Comme tous les ans, les fiascos sont nombreux, certains plus lourds que d'autres. Et c'est d'ailleurs le prototype de la comédie à la française, Le dindon - un vaudeville, deux têtes d'affiche (Dany Boon, qui s'offre son plus gros bide, et Guillaume Gallienne), un énorme budget de 14M€ - qui s'est planté magistralement. Comme quoi il n'y a pas de recettes.

L'autre gros flop de l'année c'est Isabelle Huppert. Omniprésente avec 4 films à l'affiche, la star n'a pas séduit avec ses variations de femme névrosée que ce soit dans Greta (137000 entrées), Frankie (67000), Blanche comme neige (60000) ou Une jeunesse dorée (10000). Trop répétitive? En tout cas depuis Elle en 2016, l'actrice n'a jamais réussi à attirer les cinéphiles.

Ils ont été nombreux à se prendre un mur, de Convoi exceptionnel de Bertrand Blier à Made in China, de Ibiza, avec Clavier, à Persona non grata, de Roubaix une lumière d'Arnaud Desplechin à Fête de famille, de J'irai où tu iras de Géraldine Nakache à Playmobil le film, d'Anna de Luc Besson à Trois jours et une vie, de Mon chien stupide d'Yvan Attal à Just a Gigolo en passant par l'éternel Lelouch et Les municipaux trop c'est trop. Et justement, ils se tous sentis de trop.E t soyons complètement déprimants avec les ratages de Lucie Borleteau (Chanson douce), Michel Denisot (Toute ressemblance) et Amanda Sthers (Holy Lands).

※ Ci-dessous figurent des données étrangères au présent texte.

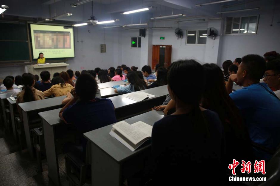 9月22日晚,四川文理學院新學期的一門選修課——性健康教育課開講,當晚原本可坐50人的教室爆棚,約有10名學生還站在教室門前蹭課聽講。據該校工作人員介紹,該課在網上設置選修,學生需要操作電腦選擇,因為“熱門”,課程放出來后僅3秒鐘就被該校學生搶完。鐘欣 攝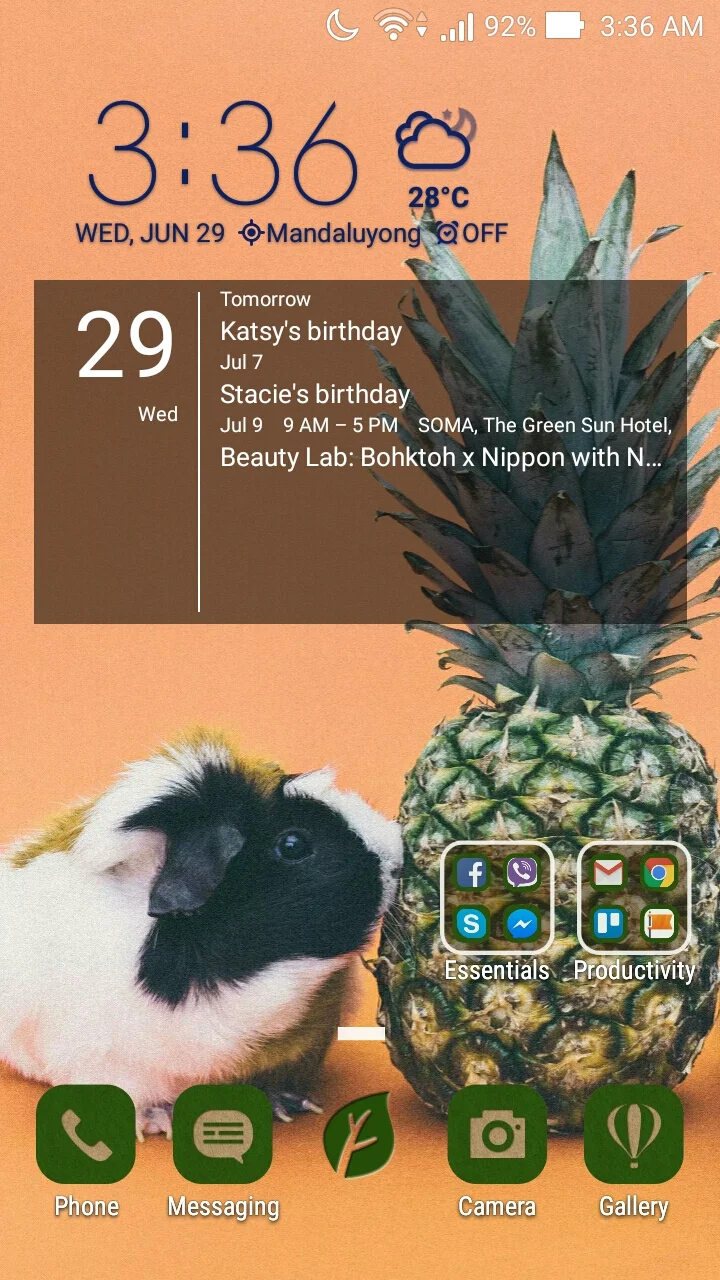 CUSTOMIZED HOME SCREEN. I'm currently using the Earth Day icon pack (free from Zen UI) and this cute photo I found in their extensive Wallpaper collection. Clock and weather widget comes with the phone while the calendar is by Simple Calendar.
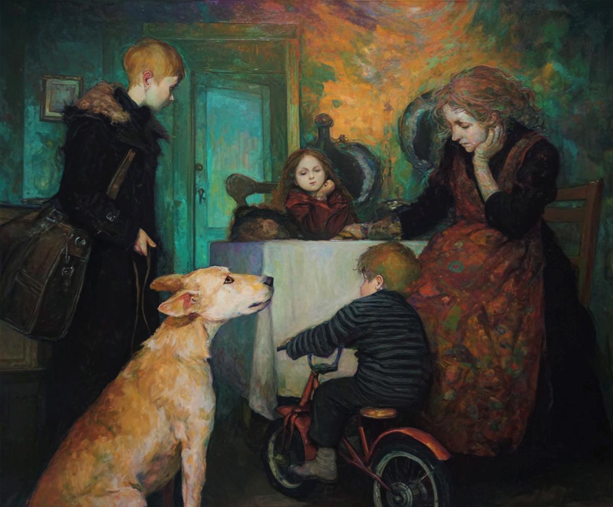 В категории "Нейро по классике" нужно было сделать реплику (три реплики) на картину Федора Павловича Решетникова "Опять двойка".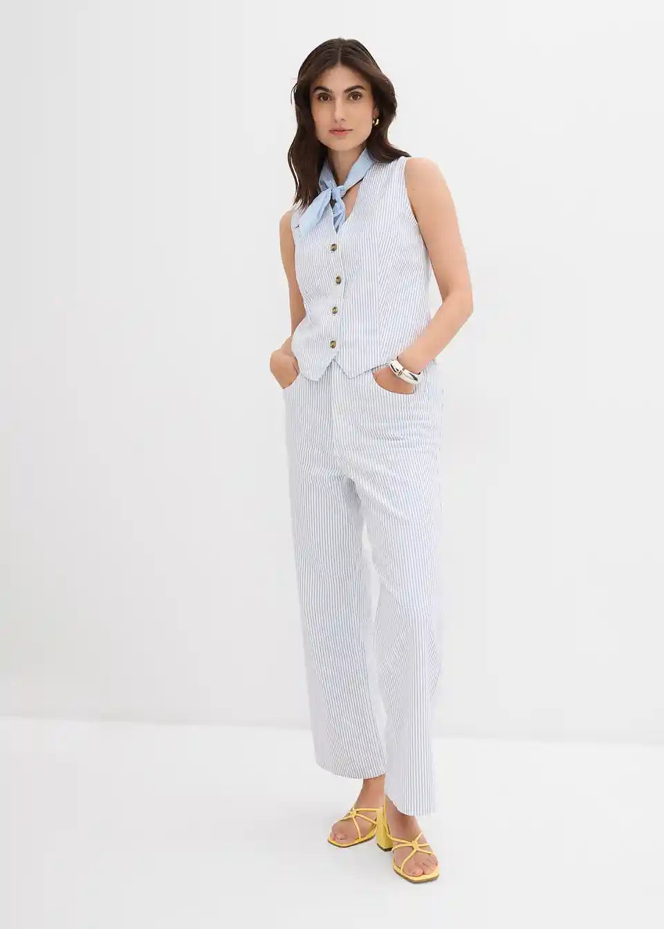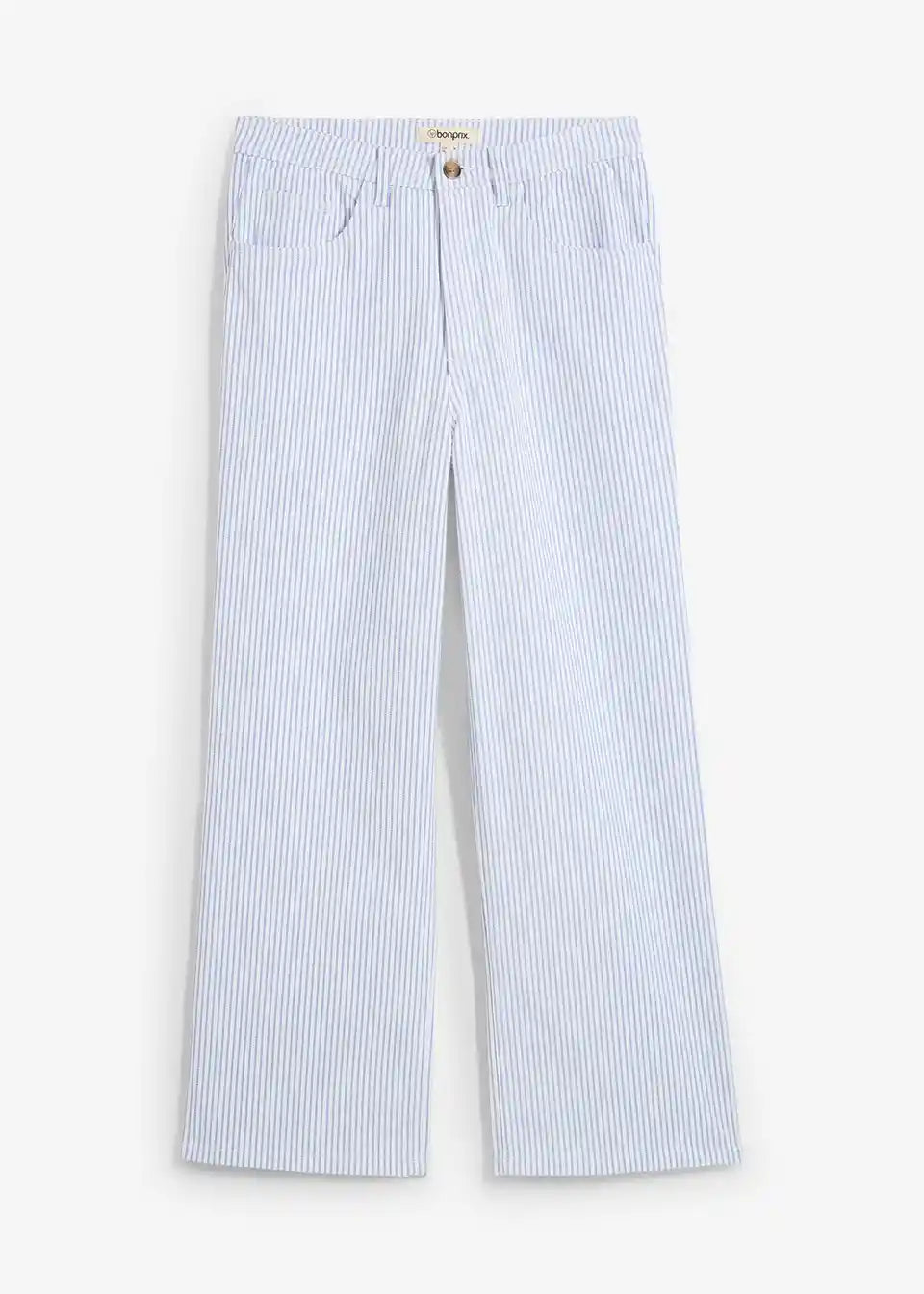 Kavbojke z visokim pasom in širokimi hlačnicami v krajšem kroju

En tout cas, les échecs n'épargnent ni les grandes vedettes ni les comédies, ni les films de genre, ni les talents découverts à la télévision. On trouve surtout regrettable de voir que les films d'animation pour adultes soient confrontés à un plafond de verre (autour de 300000 entrées) ou que les documentaires manquent de visibilité même quand ils sont acclamés. On s'interroge sur la manière dont les films français sont promus, sur l'absence de réponse des spectateurs à des cinéastes comme Klapisch, Jolivet, Pascal Thomas ou Bonitzer, ou sur l'absence de curiosité pour des jeunes talents comme Sébastien Betbeder (Debout sur la montagne) ou Judith Davis (Tout ce qu'il me reste de la révolution), ou sur l'indifférence face à des films noirs récompensés ou audacieux (Sympathie pour le Diable, L'intervention, Nevada). On peut regretter que des films bien faits, bien joués, et intéressants n'aient pas rempli les salles.

On se console avec des jolies rencontres, celles où on se fiche de la quantité pour se réjouir de leurs qualités, comme Perdrix ou Les hirondelles de Kaboul. Au moins, ils illustrent la diversité de la production française, et parfois révèlent quelques talents prometteurs. Car l'année 2019 restera sans doute comme l'une des plus éclectiques et les plus surprenantes de la décennie pour le cinéma français. C'est ça l'amour, comme le titre du film de Claire Burger, auréolé de prix et 100000 spectateurs au compteur. Ou encore le très singulier et enthousiasmant Ne croyez surtout pas que je hurle de Frank Beauvais. Des hauts et des bas, là où ne les attendait pas. Et si c'était la fin du règne du rire, pour revenir à celui des belles histoires contemporaines?

les hirondelles de kaboul

Le problème est sans doute ailleurs. Le ticket de cinéma vaut parfois très cher. Mais surtout les moins de 25 ans ne représentent plus que 28 % des entrées alors que les plus de 50 ans, autrefois minoritaires, fournissent 44 % des entrées. D'où le succès des comédies à casting senior d'ailleurs. Ce vieillissement du public est une bonne chose pour les films du milieu qu'ils soient français ou étrangers. Malheureusement, le fait que les jeunes concentrent leurs sorties cinéma sur les blockbusters américains, largement dominateurs cette année, et préfèrent désormais occuper leurs loisirs aux séries et aux jeux vidéos, peut conduire dans les années à venir à un bouleversement de la cinéphilie dont on mesure encore trop faiblement l'impact sur la création. Il faudra toute la force du système - festival de Cannes, CNC, exploitants - pour que cette génération pas encore tout à fait perdue, retrouve le désir d'aller au cinéma pour voir autre chose que des super-héros.